Alex deMarban / Anchorage Daily News / July 20, 2007

A Superior Court judge Friday pulled the permits of thousands of people expecting to hunt caribou and moose in the Nelchina basin beginning as early as next month.

Judge Jack Smith's ruling said that the state improperly used income as a sole factor in determining who was eligible for the heavily contested permits to hunt along the Southcentral road system north and east of Anchorage. It came in a suit filed by several village councils and four hunters.

About 8,000 people had originally applied for the hunts in the Nelchina Basin, said Steve Schwartz, the state's permit hunt administrator.

If the decision stands, most of those applications will have to be rescored, state officials said. In that case, a new list of permit winners should be available by July 27, according to a written statement from the Department of Fish and Game.

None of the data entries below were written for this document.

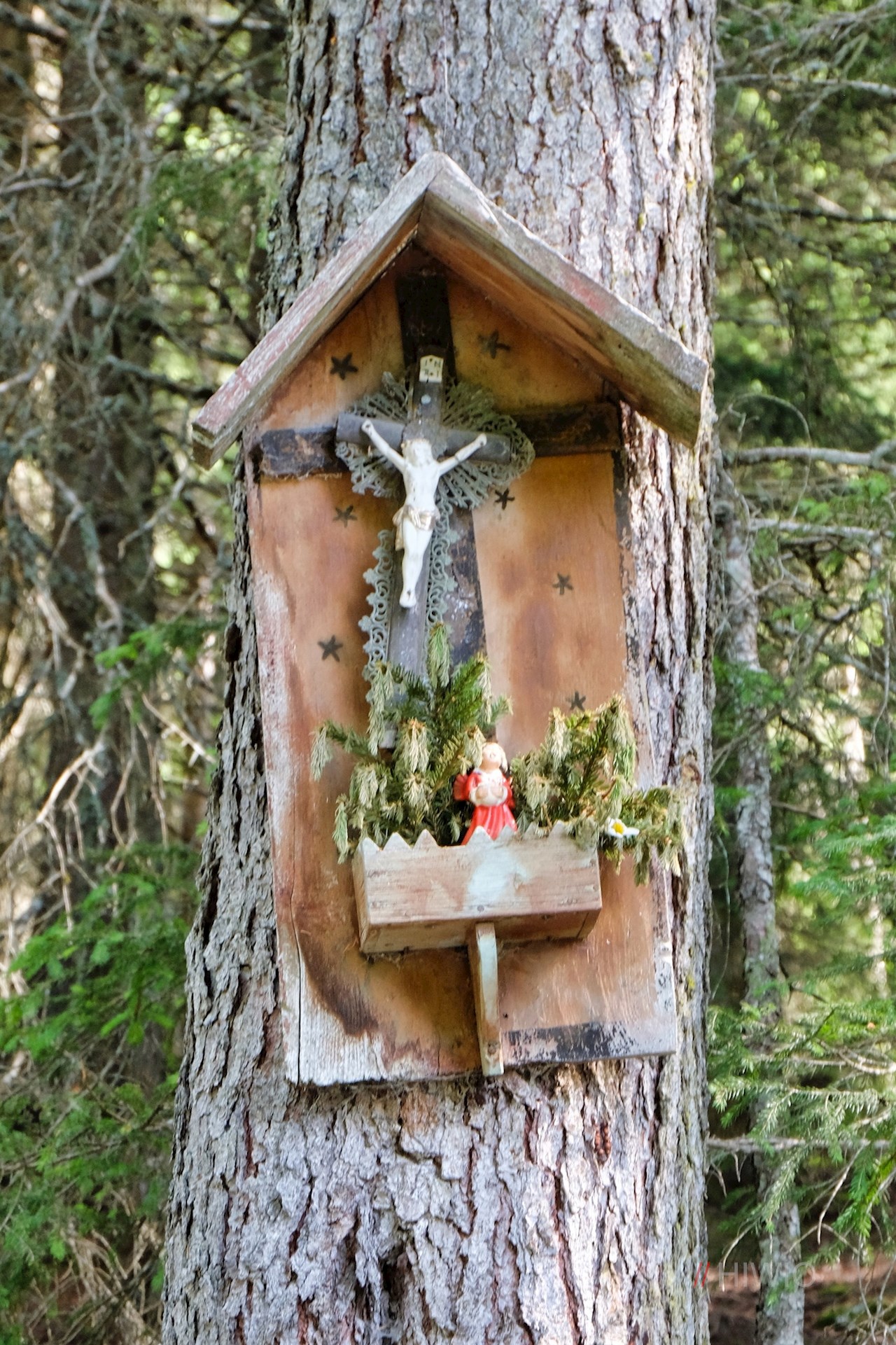 Der Beschilderung Nr. 5 in Richtung Telfer Almen bzw. Freundalm folgend, wandert man auf der asphaltierten Höfestraße zum eigentlichen Beginn des Wanderweges an einer kleinen Holzbrücke hoch. Hier finden sich eventuell weitere Parkmöglichkeiten.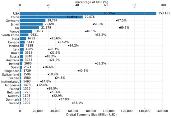 Digital economy size and its share of GDP in various countries, 2021. Data source: China Academy of Information and Communications Technology, 2022 [4].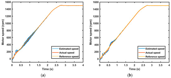 Motor speed during the startup process: (a) Non-loaded situations; (b) Loaded situations.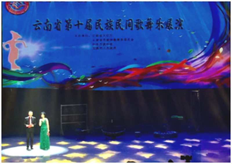 沐浴着党的十九大的强劲春风,在激荡人心的增强文化自觉与文化自信的壮阔励志声里,浸漫着社会热切期望氛围的云南省第十届民族民间歌舞乐展演以新姿新容于2017年12月11日至16日在玉溪聂耳大剧院启开大幕,精彩呈现在全省全国各族人民面前。展演似过佳节,如赶盛会,舞台艺光灼闪,节目五色交辉,来自全省16个州市代表队的22个民族的千余名演员,以庄严、自豪、喜悦的心情和虚心交流学习的态度,带着精心挑选、编排、创作的乡土与民族特色浓釅、艺术风格殊新、表演水平亮眼的节目依次登台展示,显现出一派绚烂缤纷的丰收景象,令人欣喜不尽。展演获得预期成功!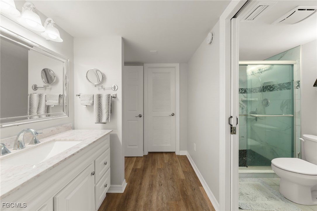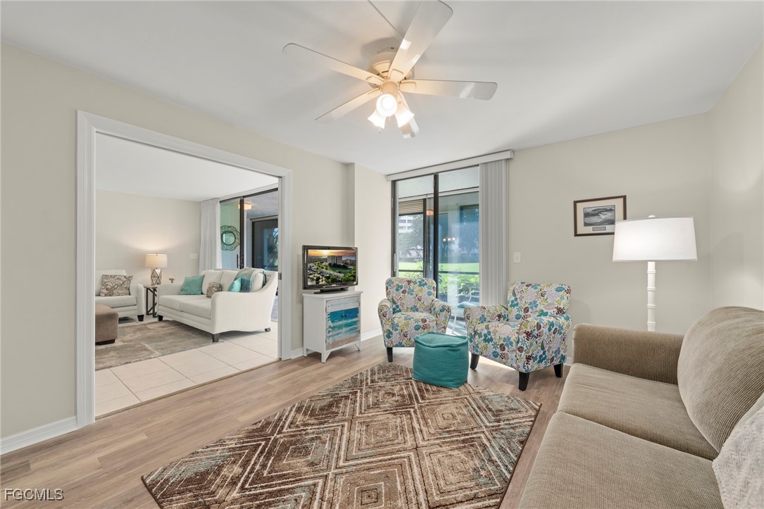 FIRST FLOOR, RENOVATED CONDO!! Located in the desirable Landings community of Fort Myers, this beautifully renovated and thoughtfully reconfigured condo offers a refined coastal lifestyle with modern comforts. The redesigned kitchen has been opened to enhance flow and functionality, featuring quartz countertops, custom wood cabinetry, stainless steel appliances, a double-wide sink, updated lighting, and durable vinyl flooring. The timeless coastal interior design carries throughout the home, creating a light, inviting atmosphere. Both bathrooms have been updated with quartz counters and contemporary lighting, while the primary bath showcases a stunning floor-to-ceiling tiled shower with glass enclosure. The floor plan includes two bedrooms, two baths, and a versatile den ideal for a home office or additional guest space. The lanai offers exceptional flexibility, with the option to be enclosed under air or opened with sliders for a classic screened-in experience, making it perfect for year-round enjoyment of the Florida lifestyle. Trawler Village is known for its welcoming neighborhood feel and convenient access to community amenities, while The Landings offers an exceptional resort-style lifestyle. Residents enjoy bundled golf with an 18-hole executive course, tennis and pickleball courts, a full-service marina with direct Gulf access, waterfront dining, walking and biking paths, and an active social calendar. Whether boating, golfing, or simply enjoying the natural beauty of this gated riverfront community, this is Florida living at its finest.

About 3,150 people had won permits for the hunts, including 3,000 for the caribou hunt alone, Schwartz said.

Access to the state's most tightly regulated subsistence hunts are limited by a point system that takes into account such things as how long a person has hunted and eaten from a herd or game population. Whoever gets the most points wins the permits.

Earlier this year, however, the Board of Game made sweeping changes to the scoring system for Nelchina subsistence hunts, including tying hunting access directly to income for the first time in state history. The board decided that if an applicant's household income exceeded $51,640, their entire application would be "zeroed out."

Allowing income levels to supersede other factors, such as how long a person has hunted from the herd, sends the message to young people that "economic success is detrimental to cultural imperatives," the judge said.

The caribou season is scheduled to open Aug. 10 and the moose season Aug. 15.

The state might appeal the case, in part because the judge's decision came on the eve of the hunting season after a "lengthy public" process, according to the written statement. The judge said only those applications already submitted could be rescored.